The premise behind these reductions is that the Marine Corps is not likely to be called on for any more “major sustained operations ashore” such as the five-year effort to pacify Iraq’s Anbar Province or the ongoing large counterinsurgency campaign in Afghanistan’s Helmand Province. The big cuts to tanks, artillery, and tactical air support indicate an even lower probability assigned to another Desert Storm-type armored battle.

While the plan reduces the capacity for conventional high-intensity combat, it retains irregular warfare skills acquired over the past decade. The plan adds to the Corps’s special operations headcount, retains much of the training and support for irregular warfare built up since 2002, bolsters specialized law enforcement support capabilities, and adds to the Corps’s cyber operations capacity.

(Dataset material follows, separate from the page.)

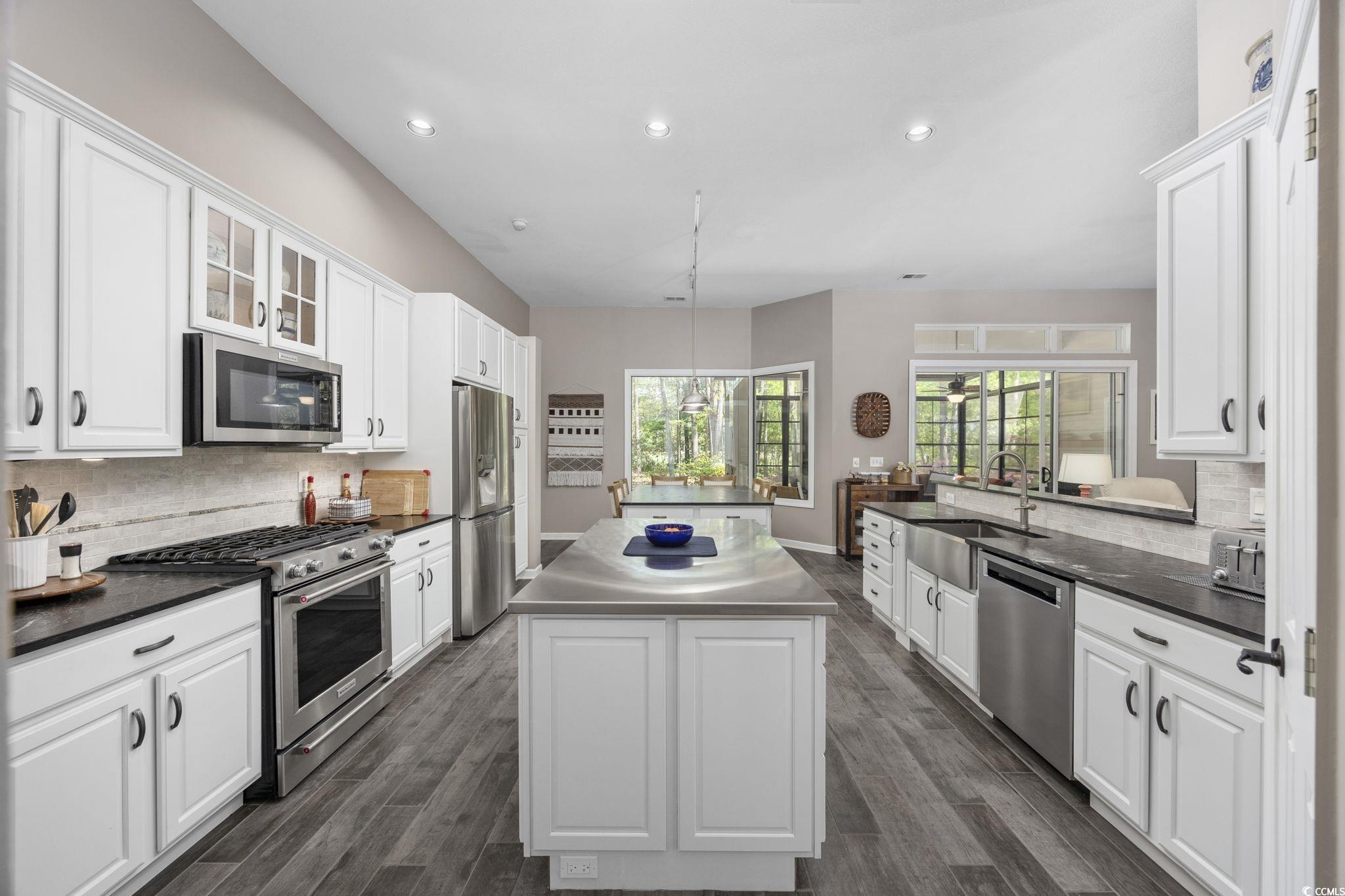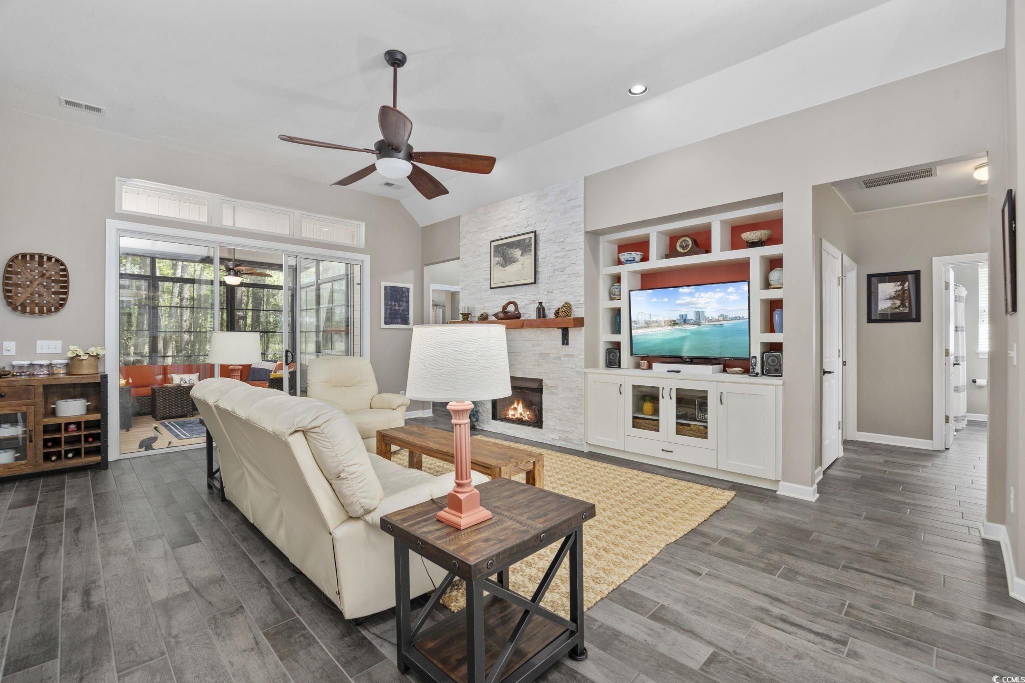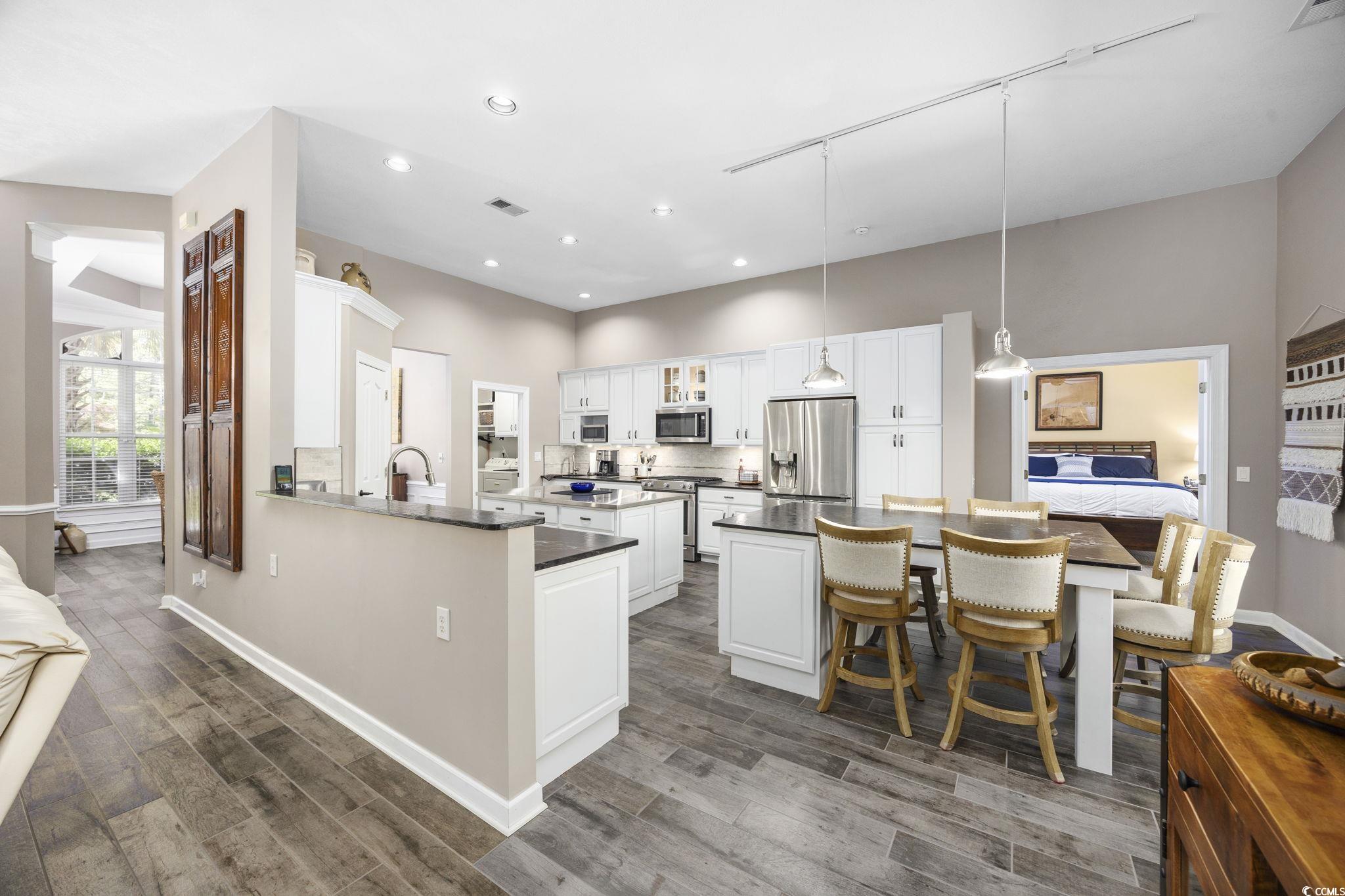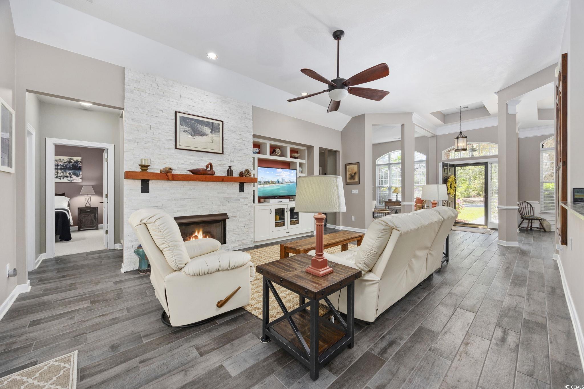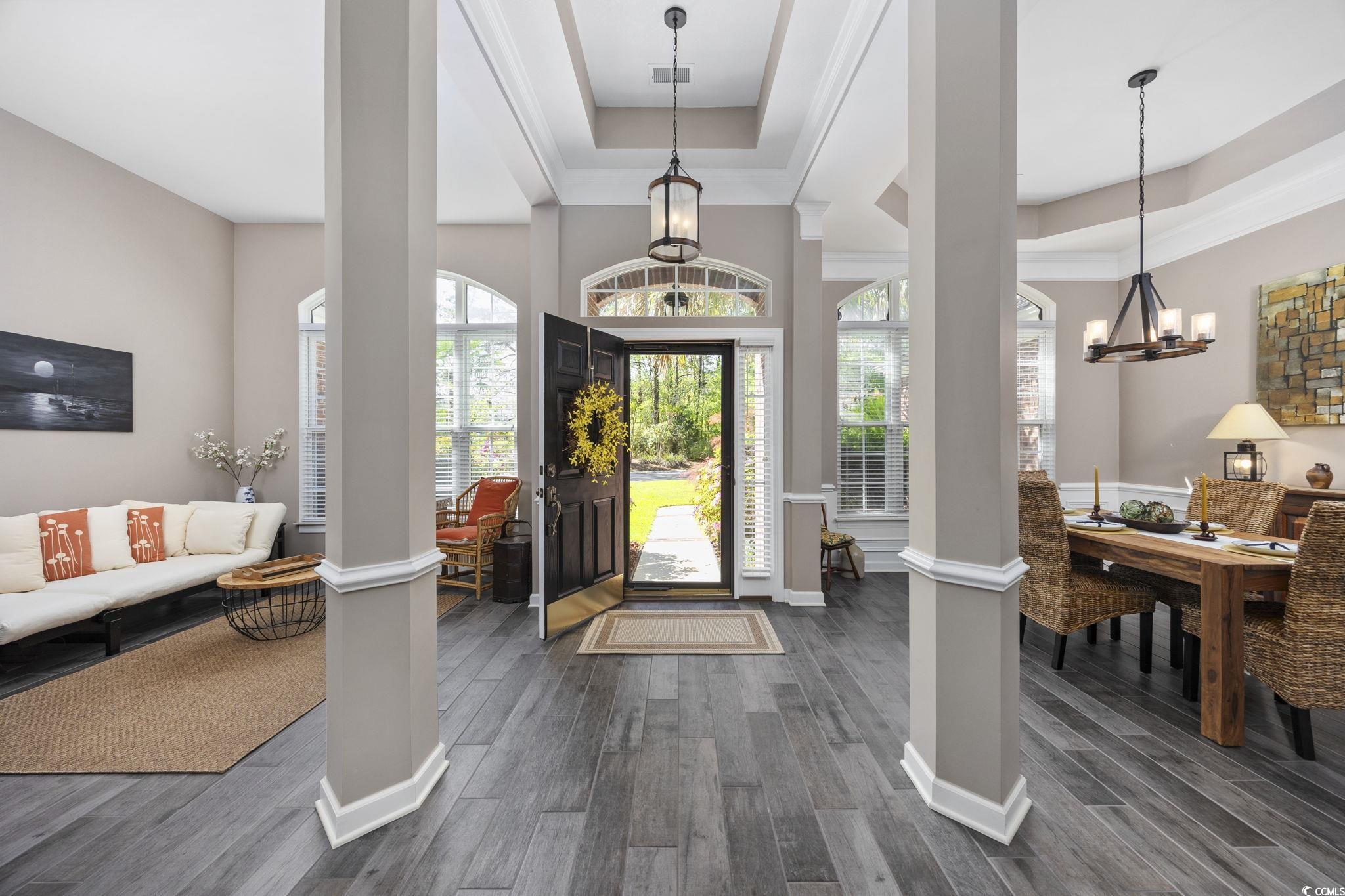 Large home on a meticulously landscaped lot! Located in coveted, Wachesaw Plantation East, a gated community in Murrells Inlet, perched on a generous sized lot, this home offers serene privacy as well as golf course & pond views. The current owners have lovingly updated this home using high quality materials. Inside, the open flow of this stunning floorplan lends itself to effortless entertaining and owner-suite privacy. The oversized kitchen has an abundance of prep space, custom wood cabinets w/ pullouts plus newer stainless steel appliances and gas for cooking! Commune with nature as you relax in the light and airy sunroom addition! The updates are too numerous to list here so be sure to view the virtual tour. Upstairs, find a large room with private bath as potential second Primary or guest suite, media room, etc. Wachesaw East community features: 24-7 uniformed security, HTC Fiber Optics recently installed offering High speed cable & Internet. Surrounded by a beautiful, affordable golf course, walking /fitness trails throughout, 2 pools, tennis courts and workout room. PRIME Location:1 mile to the famous Murrell's Inlet Marshwalk, or 1 mi. out the back gate to the marina on the Intercoastal waterway with public boat landings. Close to the pristine beaches of Huntington State Park, Brookgreen Gardens, Hospital and shopping.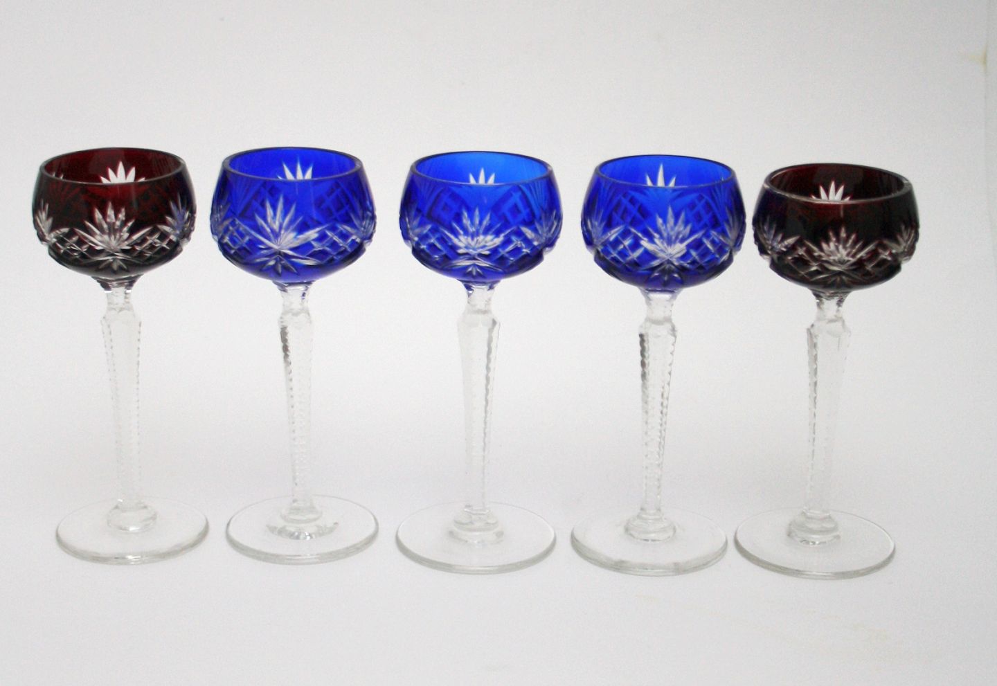 Bøhmisk krystal. Portvin. Højde 12,7 cm. Øverste diameter 14,5 cm. Pris: 125 kr. stk. Blå. Lager: SOLGT Bordeaux. Lager: SOLGT

The FSRG came to a carefully considered conclusion that the Marine Corps should be most ready for missions such as partnership engagement with foreign security forces, a variety of amphibious operations, humanitarian and disaster assistance, and rapid crisis response. At the same time, the group knew that it would have to take risks somewhere. It concluded that it could take a risk with the Corps’s capacity to mount large or open-ended manpower-intensive campaigns such as those it waged in Vietnam, Kuwait, Iraq, and Afghanistan. In spite of this seemingly recurring pattern of long bloody slogs, the FSRG planners were —to scale back their expectations of this pattern repeating yet again.

The FSRG intends to mitigate this risk by tapping, if necessary, the Marine Corps Reserve for the extra manpower and capabilities its plan will cut from active duty forces. The report also implies a shift in responsibility to the Army should the country get bogged down in another long struggle involving general-purpose ground troops.

Using the reserves and the Army to hedge the risks of a new and economical force structure plan seems like a reasonable military judgment. Whether it is a wise political judgment for the Marine Corps is more questionable. If, due to an FSRG miscalculation, the Marine Corps finds itself constantly mobilizing reserve forces for costly overseas contingencies, Marine Corps leaders are sure to hear about it from angry overseers on Capitol Hill. Similarly, if the Marine Corps’s plans are premised on an Army bailout when reality clashes with force structure shortfalls, questions about why the Pentagon needs a large Marine Corps may surface once again.

The FSRG made a careful assessment of the post-Afghanistan world and has designed a new Marine Corps force structure to match that assessment. In addition to saving the taxpayers money, the proposed realignment will shift the Marine Corps away from manpower-intensive scenarios toward the types of missions the planners believe are not only the most likely but also match up well with the Corps’s organizational strengths. But the plan’s political risks may be more dangerous than its military risks.